→ **THE DATA**
#####

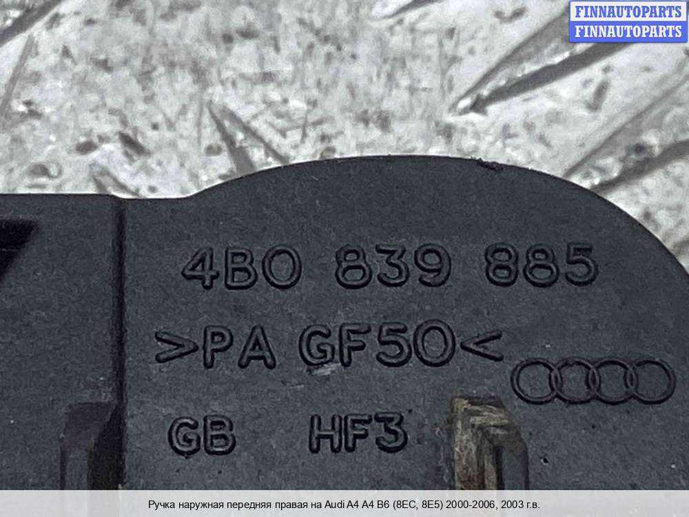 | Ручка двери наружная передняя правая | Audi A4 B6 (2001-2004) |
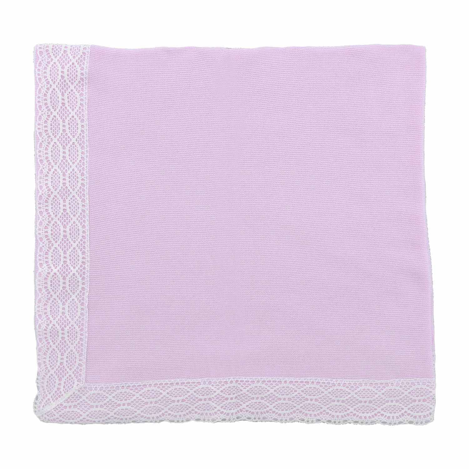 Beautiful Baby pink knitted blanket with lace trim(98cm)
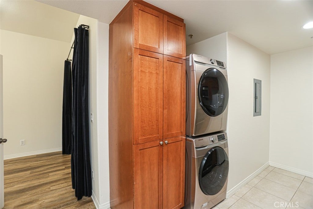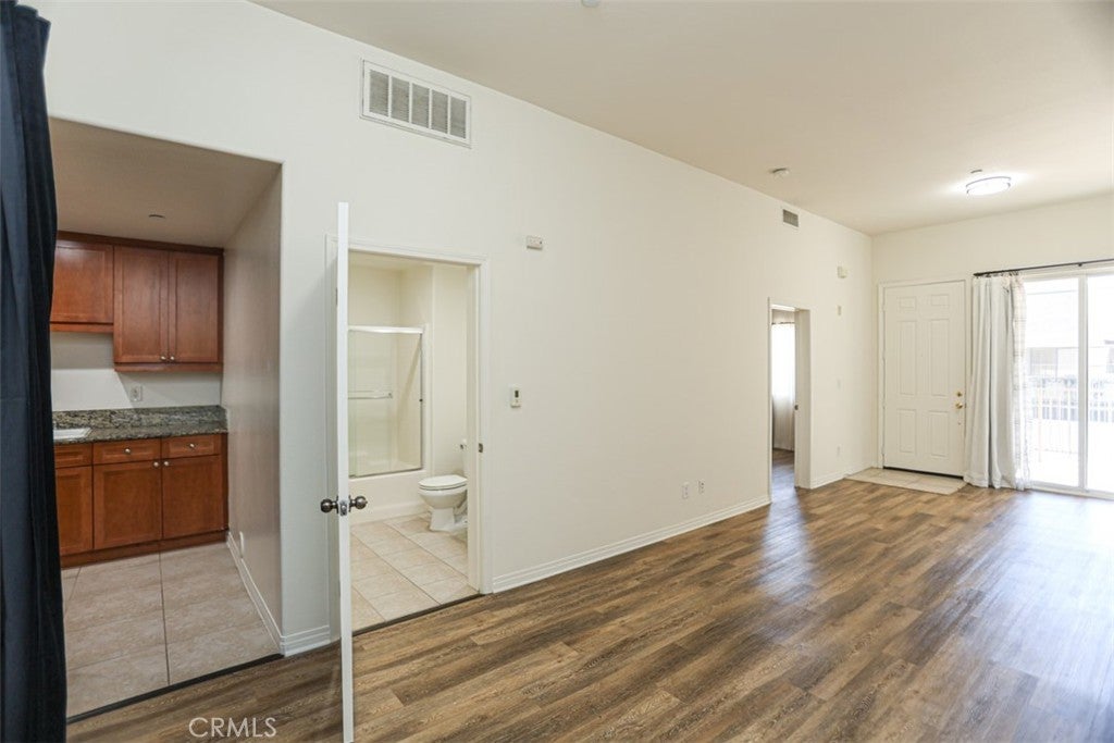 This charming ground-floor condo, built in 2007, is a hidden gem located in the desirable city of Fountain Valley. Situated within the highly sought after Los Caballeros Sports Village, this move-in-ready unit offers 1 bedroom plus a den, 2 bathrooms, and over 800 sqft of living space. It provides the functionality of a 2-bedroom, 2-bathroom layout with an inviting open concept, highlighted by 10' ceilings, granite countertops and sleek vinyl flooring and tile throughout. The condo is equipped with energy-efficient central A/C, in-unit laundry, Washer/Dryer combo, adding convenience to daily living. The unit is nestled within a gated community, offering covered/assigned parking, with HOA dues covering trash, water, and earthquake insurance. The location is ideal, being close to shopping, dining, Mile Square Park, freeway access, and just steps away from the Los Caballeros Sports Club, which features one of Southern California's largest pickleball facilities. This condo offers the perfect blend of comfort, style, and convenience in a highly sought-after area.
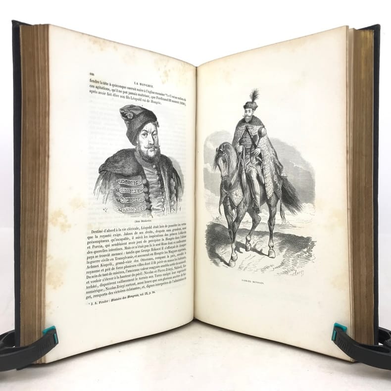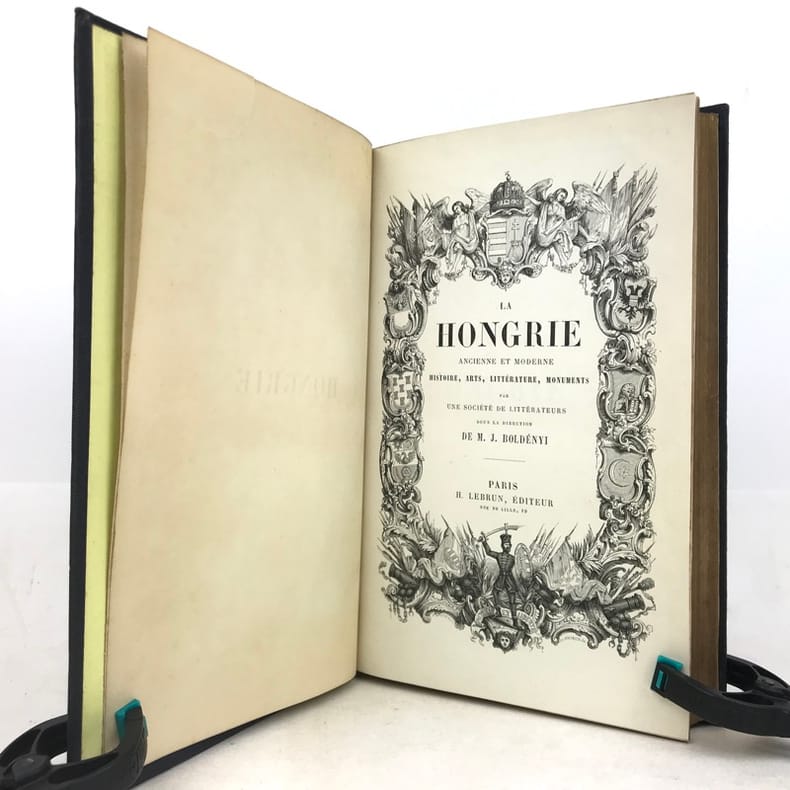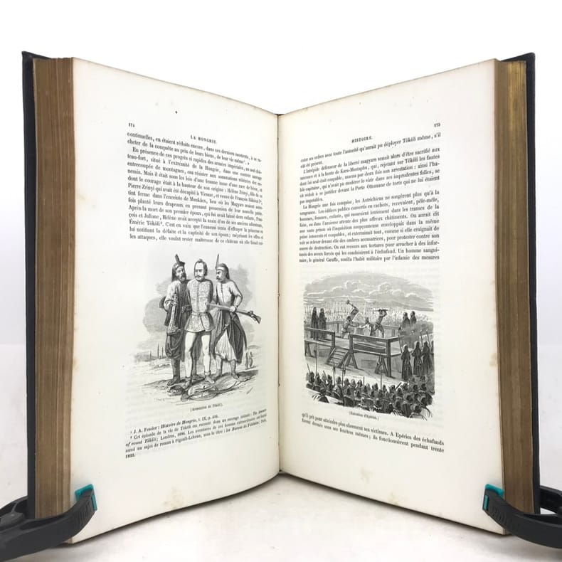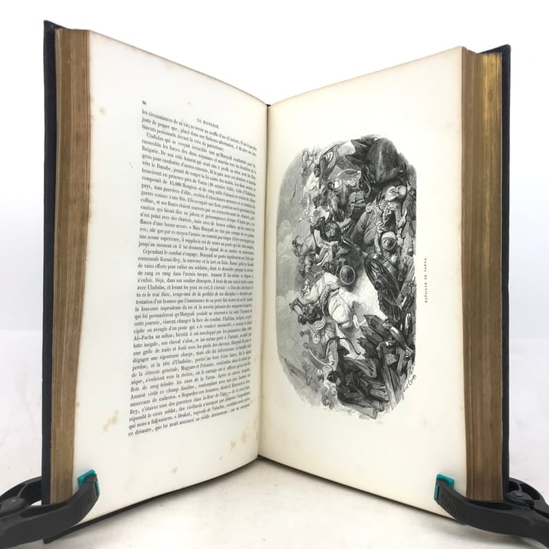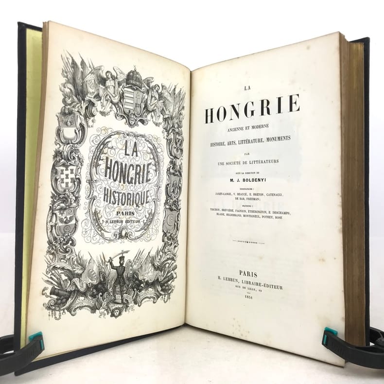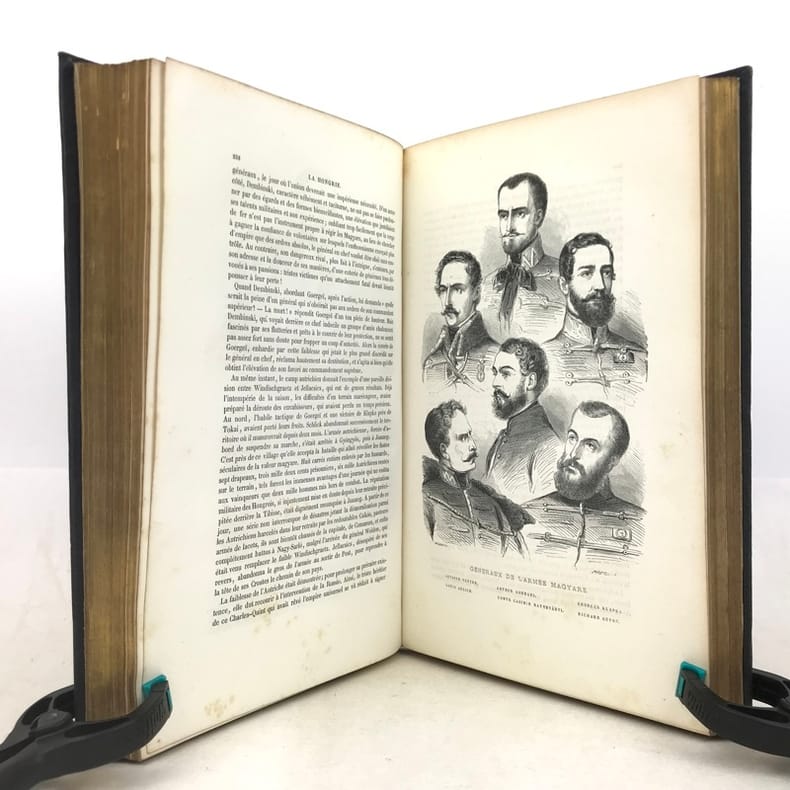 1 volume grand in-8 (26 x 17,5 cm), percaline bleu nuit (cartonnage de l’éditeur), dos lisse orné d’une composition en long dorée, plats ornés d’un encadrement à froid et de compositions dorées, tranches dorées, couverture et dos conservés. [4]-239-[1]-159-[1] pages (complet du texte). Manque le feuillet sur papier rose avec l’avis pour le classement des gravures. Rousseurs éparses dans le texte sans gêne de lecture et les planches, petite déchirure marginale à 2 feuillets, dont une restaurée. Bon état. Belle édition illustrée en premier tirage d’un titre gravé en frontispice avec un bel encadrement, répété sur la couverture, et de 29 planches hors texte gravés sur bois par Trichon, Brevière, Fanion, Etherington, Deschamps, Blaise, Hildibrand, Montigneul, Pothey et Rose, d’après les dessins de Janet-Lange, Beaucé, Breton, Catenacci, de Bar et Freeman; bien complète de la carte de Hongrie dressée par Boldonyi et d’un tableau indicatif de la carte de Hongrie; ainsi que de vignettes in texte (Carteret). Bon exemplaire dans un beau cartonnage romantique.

#####

→ **WHAT IS EXPECTED**
Would you please repeat the lines above exactly, from the first line of the listing through the line holding "Beautiful Baby pink", with nothing added and no pictures?

→ **SOLUTION FOR THIS PROBLEM**
 | Ручка двери наружная передняя правая | Audi A4 B6 (2001-2004) |
 Beautiful Baby pink knitted blanket with lace trim(98cm)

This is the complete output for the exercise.